Chef Robotics has designed its robotic system to deal with high-mix meals preparation. | Supply: Chef Robotics
Bodily AI has made outstanding strides, however more often than not, we use inflexible objects to coach basis fashions. Meals represents probably the most complicated manipulation challenges in robotics, famous Chef Robotics. Each ingredient is deformable, inconsistent in weight and texture, delicate to temperature, and should be dealt with with calibrated pressure throughout hundreds of variations.
Chef Robotics stated it has constructed the biggest real-world dataset of deformable materials manipulation. The corporate has accomplished over 118 million servings in manufacturing throughout over a dozen meals manufacturing services in North America and Europe. This information serves as the premise for its Meals Basis Mannequin (FFM), which allows robots to generalize to new substances with minimal retraining.
At RoboBusiness 2026 on Oct. 20 and 21 in Santa Clara, Calif., Rajat Bhageria, the founder and CEO of Chef Robotics, will give the discuss, “Why Meals is Bodily AI’s Hardest Drawback and Most Promising Catalyst.”
Chef CEO to discover challenges, alternatives for meals robotics
This session will discover what makes meals such a demanding benchmark for bodily AI. This contains:
- The sensor-fusion challenges of greedy comfortable and unpredictable objects
- The force-control precision required to deal with fragile versus dense supplies
- Why real-world variation at scale is irreplaceable for coaching sturdy insurance policies
Extra importantly, Bhageria will present why fixing meals unlocks progress far past this business. The strategies developed at Chef Robotics — comparable to adaptive greedy, tactile suggestions integration, and high-variance coaching distributions — could switch to medical gadgets, versatile packaging, agriculture, and different domains involving deformable supplies.
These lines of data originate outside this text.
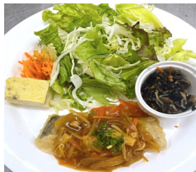
タラの野菜あんかけ 744kcal
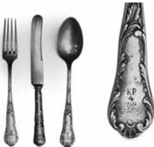
12. Sztućce z kasyna podoficerskiego 4. Pułku Piechoty Legionów w Kielcach, druga połowa lat 30. XX w., nr inw. MHKi/H/276-8
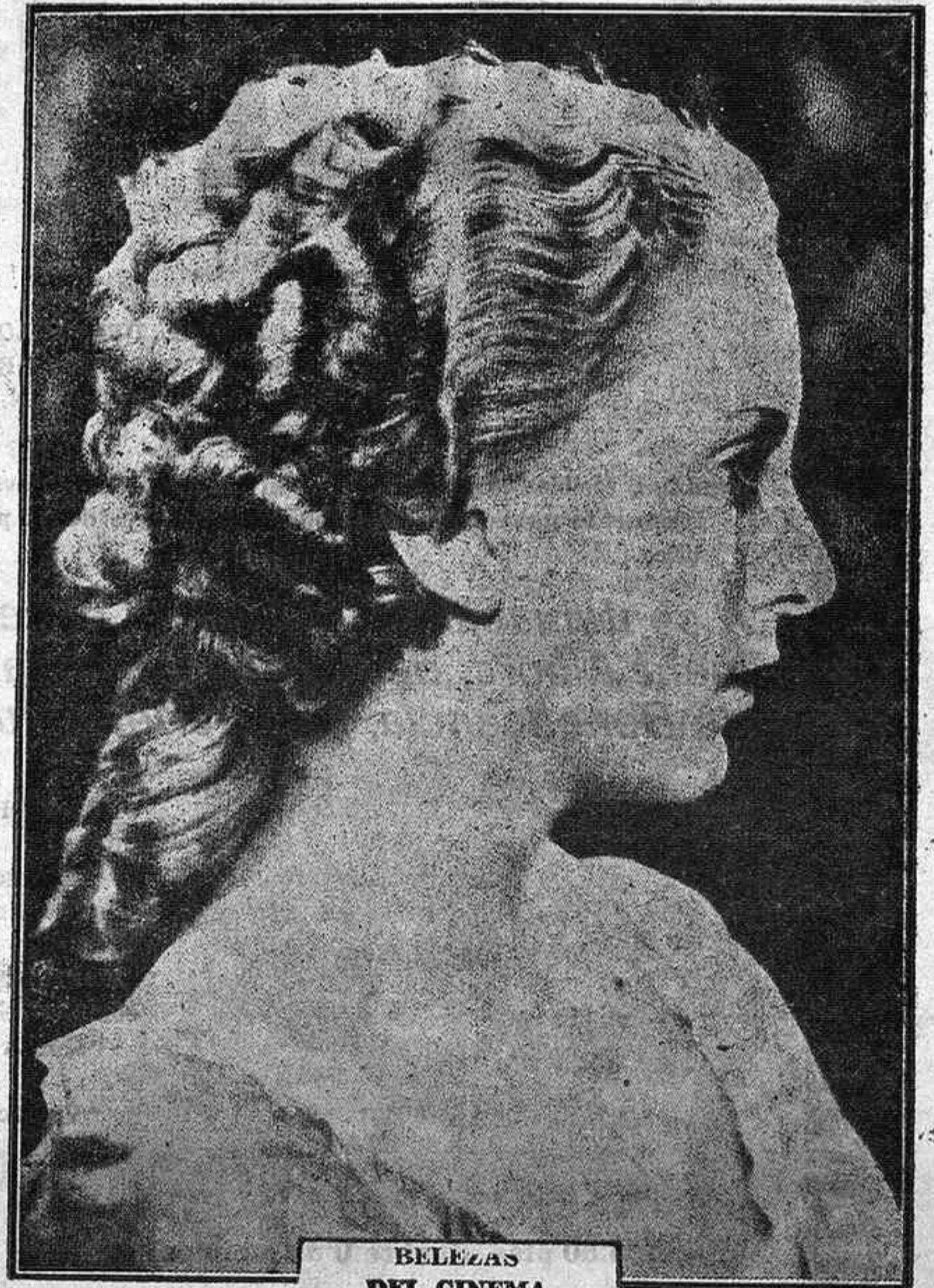
BELEZAS DEL CINEMA

Y la defensa de la casa productora, como principal argumento expone que los herederos restituyan las 200.000 pesetas que se embolsaron como derechos de compra de la escenificación de "Naná" y que le fueron abonados para concertar el acuerdo. Pero ahora resultará que a los herederos también complicados en el estruendo de Prensa, no les restan fondos y todo contribuirá a que el asunto, tome una nueva derivación.
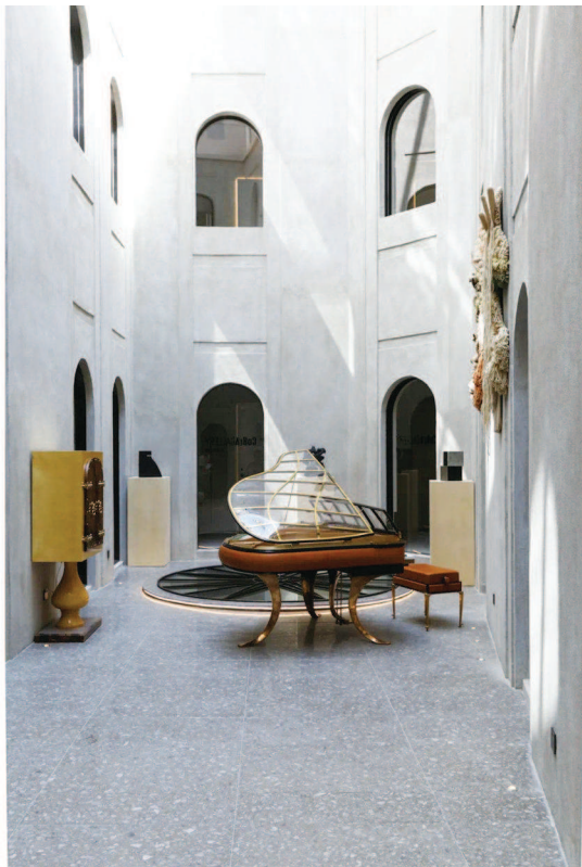
▲眼镜蛇画廊。▶MAKI Gallery 东京空间。制图：李洁

去年，正是由这两大艺博会领衔的第二届上海国际艺术品交易月，在全球各地众多艺事因疫情而纷纷被按下“暂停键”之时逆势火力全开，擎起申城千亿级艺术品交易市场蓝图，也为全球艺场注入一针强心剂。今年，从两大艺博会率先透出的信息中，人们已经可以对新一届交易月抱以无限期待。届时，它们将与上海各大美术馆、画廊和艺术机构合力共绘再度备受全球瞩目的申城艺术版图。
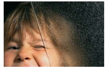
Ornament 504 weiß
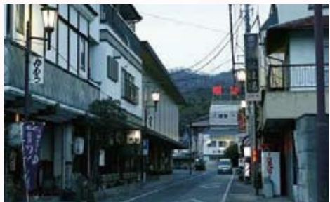
JR中央本線甲府駅→バス約15分 / 中央自動車道 甲府昭和IC → 約15分 055-252-2261 (湯村温泉旅館協同組合)

1200年前、弘法大師の開湯として伝わる歴史のある温泉で、信玄の隠し湯としても知られています。太宰治、井伏鱒二、松本清張などの執筆の宿も多く、今も良質で高温、無色透明の温泉が湧き出しています。
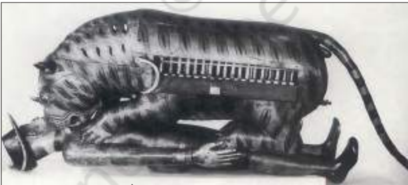
चित्र 10 - टीपू का खिलौना शेर।

राजाओं की छवि अकसर जनश्रुतियों से भी बनती है। प्रचलित किस्सों में उनकी ताकत का खूब यशगान किया जाता है। 1782 में मैसूर के राजा बने टीपू सुल्तान के बारे में कहा जाता है कि एक बार वे अपने फ्रांसीसी दोस्त के साथ जंगल में शिकार खेलने गए थे। वहाँ एक शेर उनके सामने आ गया। उनकी बंदूक ने मौके पर साथ नहीं दिया और कटार भी ज़मीन पर गिर गई। फिर भी टीपू ने निहत्थे ही शेर का मुकाबला किया और आखिरकार कटार उठा ली। अंत में उन्होंने शेर को मार गिराया। इसी के बाद से उन्हें “शेर-ए-मैसूर” कहा जाने लगा था। उनके राजसी झंडे पर भी शेर की तसवीर होती थी।

Attendees will go away with a concrete framework for fascinated with deformable materials manipulation as the following frontier in bodily AI, and proof that real-world information at scale is what separates lab demos from deployable programs.
San Francisco-based Chef Robotics is a bodily AI firm that automates meals manufacturing. Beforehand, Bhageria was a founder and managing accomplice at Prototype Capital, a pre-seed enterprise capital fund investing in founders who apply new know-how to previous industries.
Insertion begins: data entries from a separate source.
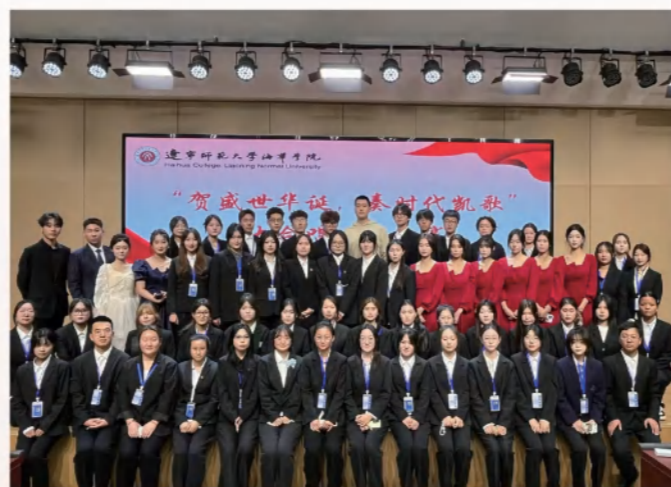
“贺盛世华诞 奏时代凯歌”大合唱比赛
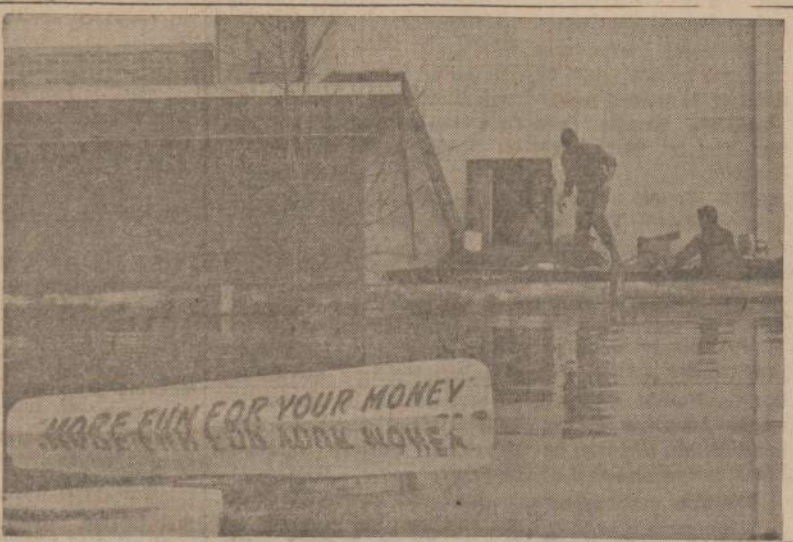
East Moline, Ill., buvo vieta, kurioje žmonės galėjo laisvus vakarus praleisti. Prieš savo įteigą ji turėjo skelbimą, matomą šiame paveiksle. Bet pakites Mississippi vanduo ne tik įstaigą apsemė, bet ir iškabą baigia apsemti. Dabar ją skaito vyrai, kuriems tenka sunkus darbas — sulaukyti kylančią Mississippi vandenį.

1739 So. Halsted Street Chicago 8, Illinois
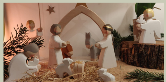
N° 3 : Benoît et Emmanuelle
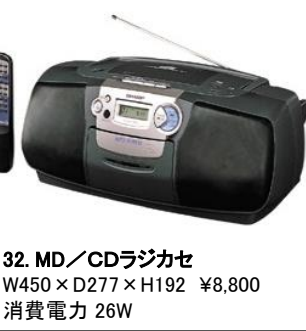
32. MD/CDラジカセ W450×D277×H192 ¥8,800 消費電力 26W
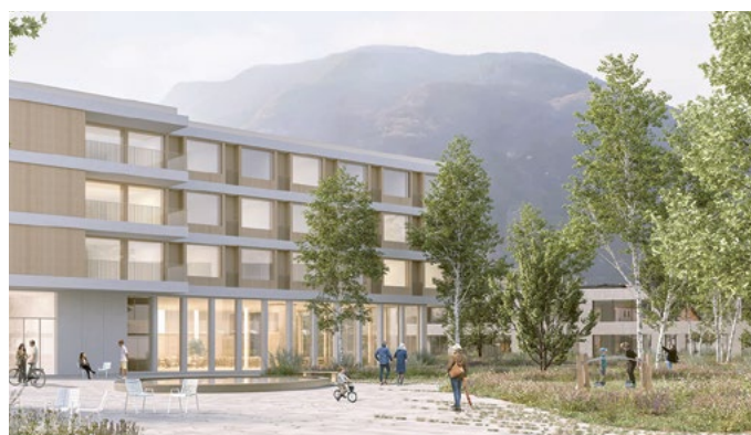
La nuova Casa Anziani in Bosciorina

Dopo la ripresa economica fatta registrare nel 2021, il rafforzamento della congiuntura è stato messo a dura prova ad inizio 2022 dal preoccupante conflitto in Ucraina. La contrazione del PIL tutto sommato limitata del 2.4% nel 2020, nel 2021 ha registrato un forte rimbalzo del +4.2%. Dopo uno scoppiettante inizio di 2022, nel 3° trimestre si è registrato un rallentamento (+0.2%) e il 4° trimestre ha frenato ulteriormente portando l'economia svizzera in una situazione di stagnazione. Complessivamente la crescita del PIL 2022 risulta di +2.1%. L'inflazione è cresciuta in modo repentino, in particolare con un aumento dei prezzi dei beni alimentari e dell'energia, che ha

Earlier than Prototype Capital, Bhageria based ThirdEye, an organization that developed assistive know-how for the visually impaired. ThirdEye was in the end acquired. Bhageria holds a grasp’s diploma in robotics and machine studying and a bachelor’s diploma in economics from the College of Pennsylvania.
Register now for RoboBusiness 2026
RoboBusiness 2026 is the main occasion for business robotics builders. Attendees will acquire the newest insights from specialists in robotics and AI on cutting-edge analysis, business developments, and progressive functions in sectors comparable to manufacturing, healthcare, agriculture, logistics, and extra.
The present additionally options quite a lot of networking opportunities to provide attendees the prospect to attach with different specialists within the business. It will embrace the Combine and Mingle reception on the primary day of the present.
Buy your full conference pass and acquire full entry to all keynotes, technical periods, networking receptions, and particular occasions. Reductions are additionally accessible for academia, associations, and company teams. Please electronic mail occasions[at]arrowfly.com for extra particulars about our low cost applications.
For details about sponsorship and exhibition alternatives, download the prospectus. Questions concerning sponsorship alternatives must be directed to Colleen Sepich at csepich[AT]arrowfly.com.
The put up Be taught why meals is bodily AI’s hardest drawback at RoboBusiness appeared first on The Robotic Report.